> _Task objective_
Among the lines below, take the one holding "L'unica cosa che", the one holding "Using a single", and all lines between them. Set them down exactly.

> _Records to use_

════════════════

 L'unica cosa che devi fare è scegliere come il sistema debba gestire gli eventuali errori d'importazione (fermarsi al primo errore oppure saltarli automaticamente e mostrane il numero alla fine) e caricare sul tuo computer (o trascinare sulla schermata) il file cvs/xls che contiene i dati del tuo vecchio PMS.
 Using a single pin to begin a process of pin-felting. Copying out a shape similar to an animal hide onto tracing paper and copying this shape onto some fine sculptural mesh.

════════════════

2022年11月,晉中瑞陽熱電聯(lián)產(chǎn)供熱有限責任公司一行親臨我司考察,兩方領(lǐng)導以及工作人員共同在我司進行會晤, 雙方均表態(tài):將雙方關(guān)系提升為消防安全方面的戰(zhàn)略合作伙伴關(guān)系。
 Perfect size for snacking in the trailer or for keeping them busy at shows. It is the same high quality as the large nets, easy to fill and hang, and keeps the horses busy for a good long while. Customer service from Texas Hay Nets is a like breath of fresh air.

════════════════

> _Answer to the exercise_
 L'unica cosa che devi fare è scegliere come il sistema debba gestire gli eventuali errori d'importazione (fermarsi al primo errore oppure saltarli automaticamente e mostrane il numero alla fine) e caricare sul tuo computer (o trascinare sulla schermata) il file cvs/xls che contiene i dati del tuo vecchio PMS.
 Using a single pin to begin a process of pin-felting. Copying out a shape similar to an animal hide onto tracing paper and copying this shape onto some fine sculptural mesh.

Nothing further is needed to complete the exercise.